Introduction

Many biological processes involve binding of a protein to some target model:

Signaling mechanism between cells
Mechanical operation (e.g. muscle contraction)
Mediation of a catalytic event
...

Drugs can work as competitive inhibitors by binding to proteins more strongly than their natural partners.

Laboratory techniques for drug discovery are very time-consuming and expensive, therefore, there is a great deal of interest in developing accurate and efficient computational techniques.

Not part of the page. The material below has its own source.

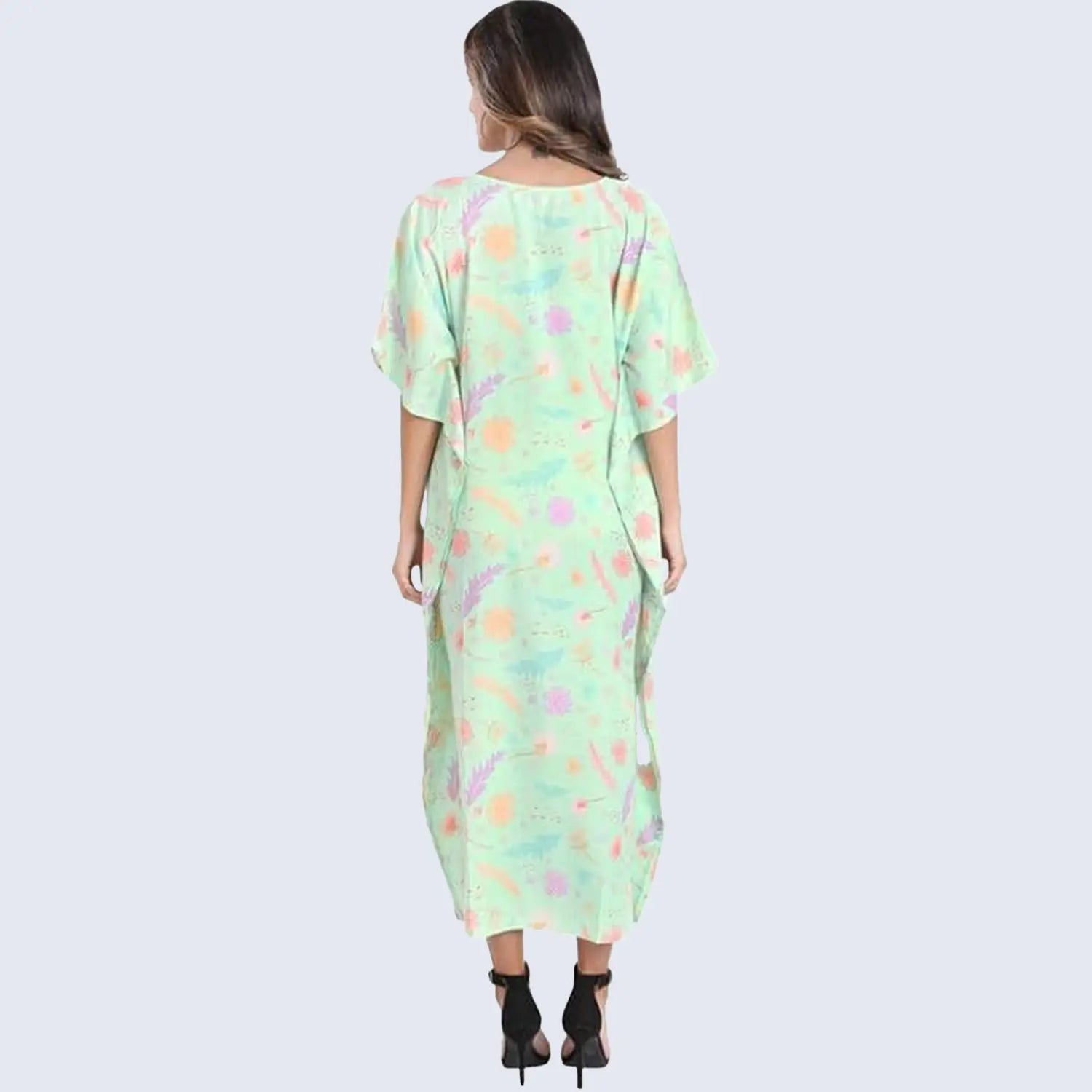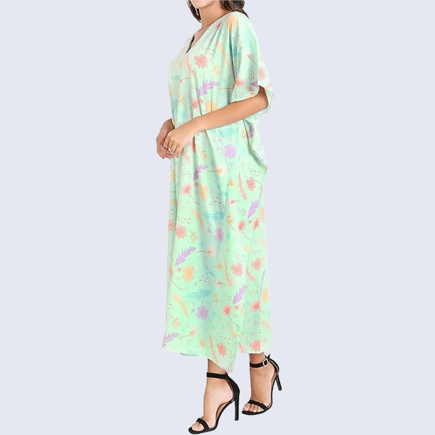 Women Long Kaftans Summer Holiday Caftan Dress Green S-3XL

Docking can be defined as the simulation of molecular recognition and the prediction of structure of receptor-ligand complexes where:

Receptor is a protein (or protein oligomer)
Ligand is either a small molecule or another protein

Docking programs generally have two major components:

Search algorithm
Scoring function

GOLD

GOLD is a flexible protein-ligand docking program developed by Jones et al. in 1995 ^[1] ^[2].

Genetic algorithm

A genetic algorithm is a search technique used in computing to find exact or approximate solutions to optimization and search problems. It is implemented as a program that mimics evolution by manipulating a population of individuals represented by data structures called chromosomes.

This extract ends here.